Just after the July 4 holiday, we will taste the first new potatoes in anticipation of the coming harvest. There are some forms of pleasure that are almost too good for words and money cannot buy, you just have to be there
Whether they will be transformed by baking, frying, or mashing, they will be enjoyed at one meal, reheated, and enjoyed again at the next meal. They may even be around for a third meal, but you will never see any thrown away.
How can such a small piece of ground with not that much work produce so much pleasure?
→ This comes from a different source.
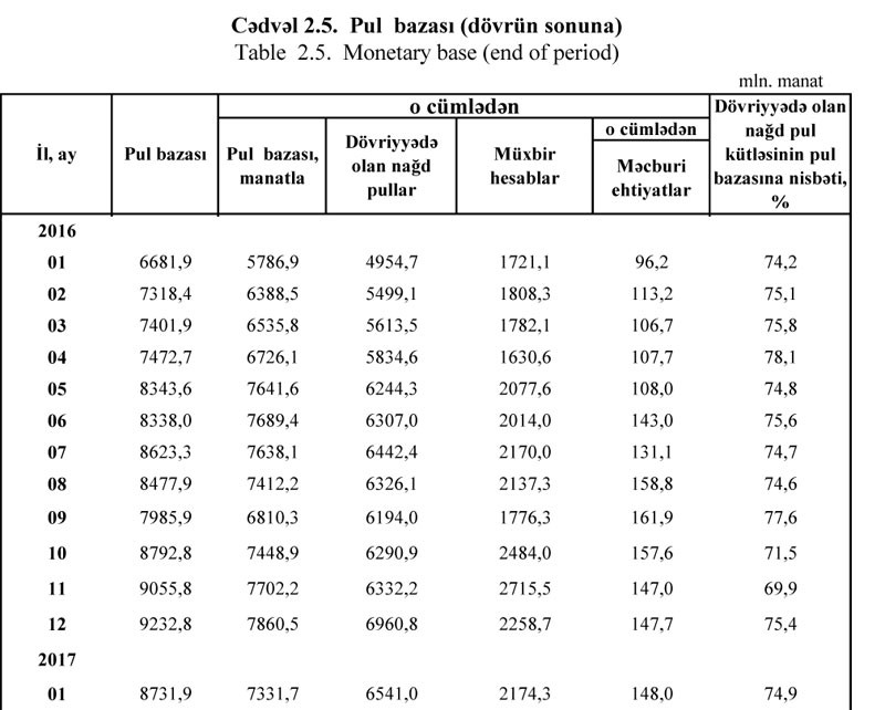 Ötən ilin sonu ilə müqayisəd pul bazası 500,9 milyon manat, manatla pul bazası isə 528,8 milyon manat azalıb.

When my wife arrived here 17 years ago and expressed an interest in a small garden, I pointed her to this piece of ground that was just growing brome grass between the driveway and a steel building. She was doubtful on the ground’s ability to grow anything, but I assured her it just needed some attention.
What I liked about it was that it was next to the driveway so every time we drove in or out we would look the garden over and see what attention it needed.
We do well until mid-July when the really big weeds seem to grow inches each day practically taking over.
From mid-August on, visitors will be served fresh potatoes and frequently will take a few home with them.
By Thanksgiving, the last homegrown potatoes will be served and another potato season will end.
I am always amazed at what a few dollars of seed potatoes, a few dollars of fertilizer and herbicide on a piece of ground that was a place where weeds grew can accomplish.
The return from this small investment of time and money is huge. How do you measure the value of a bowl of fresh homegrown mashed potatoes being passed around the table by family and friends?
To help things along, there are peppers and onions to add to the pleasure of the meal. There is another sense of pleasure seeing food on a plate knowing that it was carried in from the garden a few feet away only hours earlier.
Menus are determined not so much by what we want as what is ready. If there is an abundance of something, then recipes are chosen that include that item as an ingredient. It is a wealth of choices.
While the nutritionists of the world would disagree with me, in my world there are two food groups meat and potatoes. Everything else is an accessory, good but not required.
My meat and potatoes can be a hamburger and French fries, a pork chop with garlic mashed potatoes or a Porterhouse steak with a baked potato. A few peas or some corn is okay but as far as I am concerned, a meal starts and ends with meat and potatoes. I can even skip dessert (unless it is fresh apple pie, hold the ice cream).